Beyond Accuracy and Complexity: The Effective Information Criterion for Structurally Stable Symbolic Regression
Zihan Yu, Guanren Wang, Jingtao Ding, Huandong Wang, Yong Li
TL;DR
The paper addresses the inadequacy of traditional accuracy- and complexity-based objectives in symbolic regression by introducing the Effective Information Criterion (EIC), which quantifies structural stability as the amplification of rounding noise through a formula's computation graph. EIC is defined via a recursive relation on a formula's symbol tree and a worst-case node metric: $\text{EIC} = \max_{k \in \mathcal{T}[f]} \log_{10} \bar{s}_k$, with $\bar{s}_k^2 = \mathbb{E}_{x}[s_k^2(x)]$ and $s_k^2(x) = 1 + \sum_{i \in \mathcal{C}[k]} \kappa_{k,i}^2(x) s_i^2(x)$, where $\kappa_{k,i}$ is a relative condition number. The authors show a structural stability gap between human-derived physical laws and SR-discovered formulas, and demonstrate EIC's practical utility: improving Pareto fronts in heuristic search, increasing pretraining sample efficiency for generative SR by filtering high-EIC samples, and aligning with human interpretability preferences in a majority of cases. These results suggest that enforcing structural stability via EIC can enhance interpretability and reliability in AI-driven scientific discovery. The work also provides physical and signal-processing interpretations, and validates EIC through extensive human expert and LLM corroboration.
Abstract
Symbolic regression (SR) traditionally balances accuracy and complexity, implicitly assuming that simpler formulas are structurally more rational. We argue that this assumption is insufficient: existing algorithms often exploit this metric to discover accurate and compact but structurally irrational formulas that are numerically ill-conditioned and physically inexplicable.

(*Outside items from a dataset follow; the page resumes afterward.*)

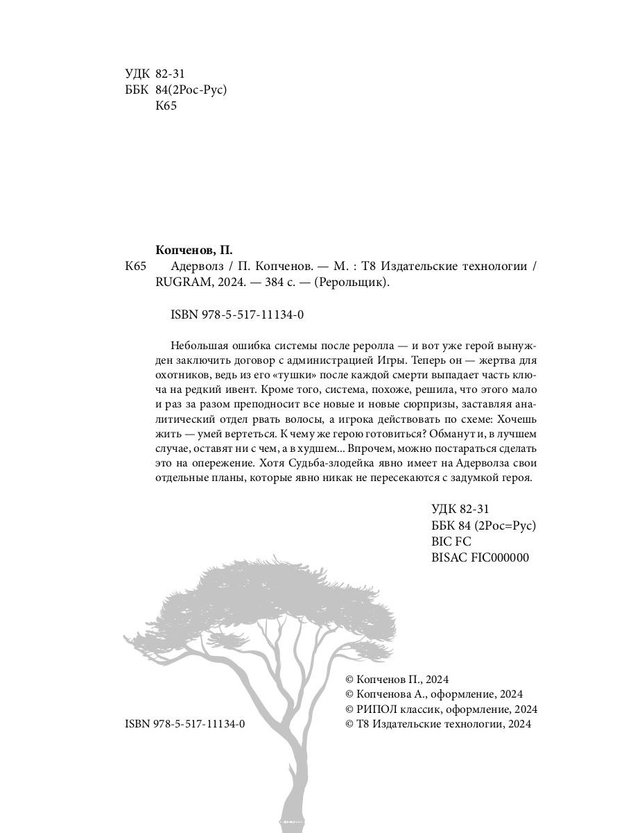 Небольшая ошибка системы после реролла - и вот уже герой вынужден заключить договор с администрацией Игры. Теперь он - жертва для охотников, ведь из его «тушки» после каждой смерти выпадает часть ключа на редкий ивент. Кроме того, система, похоже, решила, что этого мало и раз за разом преподносит все новые и новые сюрпризы, заставляя аналитический отдел рвать волосы, а игрока действовать по схеме: Хочешь жить - умей вертеться. К чему же герою готовиться? Обманут и, в лучшем случае, оставят ни с чем, а в худшем... Впрочем, можно постараться сделать это на опережение. Хотя Судьба-злодейка явно имеет на Адерволза свои отдельные планы, которые явно никак не пересекаются с задумкой героя.| Издательство | Т8 RUGRAM |
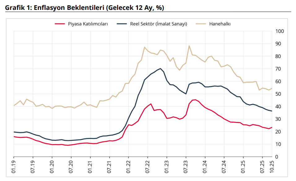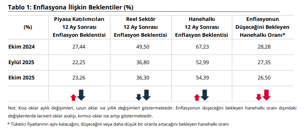 Türkiye Cumhuriyet Merkez Bankası (TCMB), ekim ayında piyasa katılımcıları, reel sektör ve hanehalkının 12 ay sonrasına ilişkin enflasyon beklentisini açıkladı. TCMB, Ekim 2025 dönemine ilişkin "Sektörel Enflasyon Beklentileri"ni yayımladı. Piyasa Katılımcıları Anketi, İktisadi Yönelim Anketi ve Türkiye İstatistik Kurumu (TÜİK) iş birliğiyle yürütülen Tüketici Eğilim Anketi ile finansal ve reel sektör uzmanlarının, imalat sanayi firmalarının ve hanehalkının 12 ay sonrası yıllık tüketici enflasyonu beklentileri derlenerek Sektörel Enflasyon Beklentileri elde edildi. 2025 yılı Ekim ayında 12 ay sonrası yıllık enflasyon beklentileri, piyasa katılımcıları için 1,01 puan artarak yüzde 23,26 seviyesine, hanehalkı için 1,40 puan artarak yüzde 54,39 seviyesine yükselirken, reel sektör için 0,50 puan azalarak yüzde 36,30 seviyesine gerilemiştir. Gelecek 12 aylık dönemde enflasyonun düşeceğini bekleyen hanehalkı oranı bir önceki aya göre 0,85 puan azalarak yüzde 26,50 seviyesinde gerçekleşmiştir.
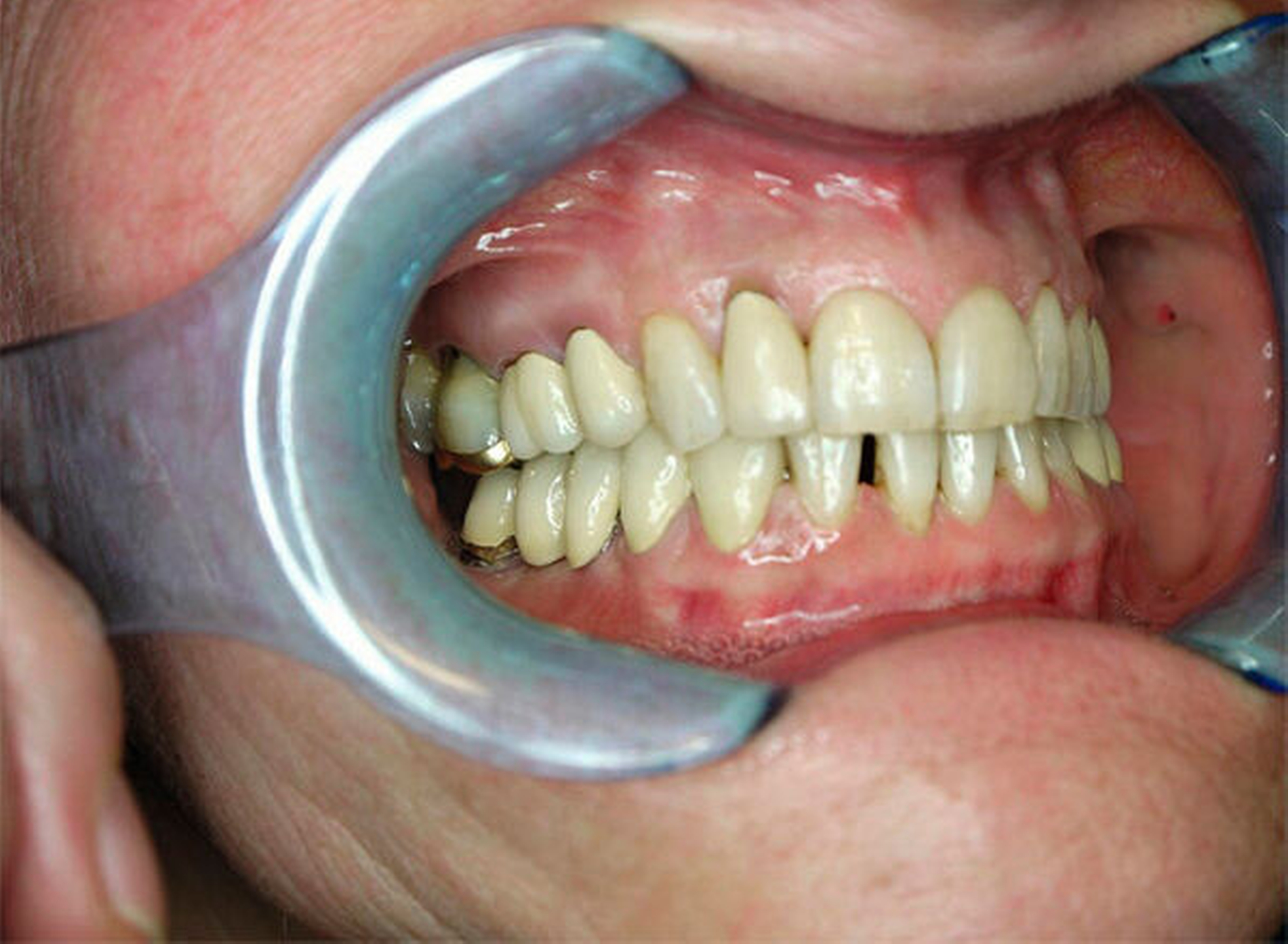 Bei einem inzwischen fünfjährigen Nachsorgeintervall ist sie beschwerdefrei und vollkommen uneingeschränkt in der Nahrungsaufnahme (Abbildungen 4a und 4b). Alle physiologischen Bewegungen einschließlich der Laterotrusionsbewegung des Unterkiefers sind möglich.

Inspired by the structural stability of real physical laws, we propose the Effective Information Criterion (EIC) to quantify formula rationality. EIC models formulas as information channels and measures the amplification of inherent rounding noise during recursive calculation, effectively distinguishing physically plausible structures from pathological ones without relying on ground truth. Our analysis reveals a stark structural stability gap between human-derived equations and SR-discovered results. By integrating EIC into SR workflows, we provide explicit structural guidance: for heuristic search, EIC steers algorithms toward stable regions to yield superior Pareto frontiers; for generative models, EIC-based filtering improves pre-training sample efficiency by 2-4 times and boosts generalization R2 by 22.4%. Finally, an extensive study with 108 human experts shows that EIC aligns with human preferences in 70% of cases, validating structural stability as a critical prerequisite for human-perceived interpretability.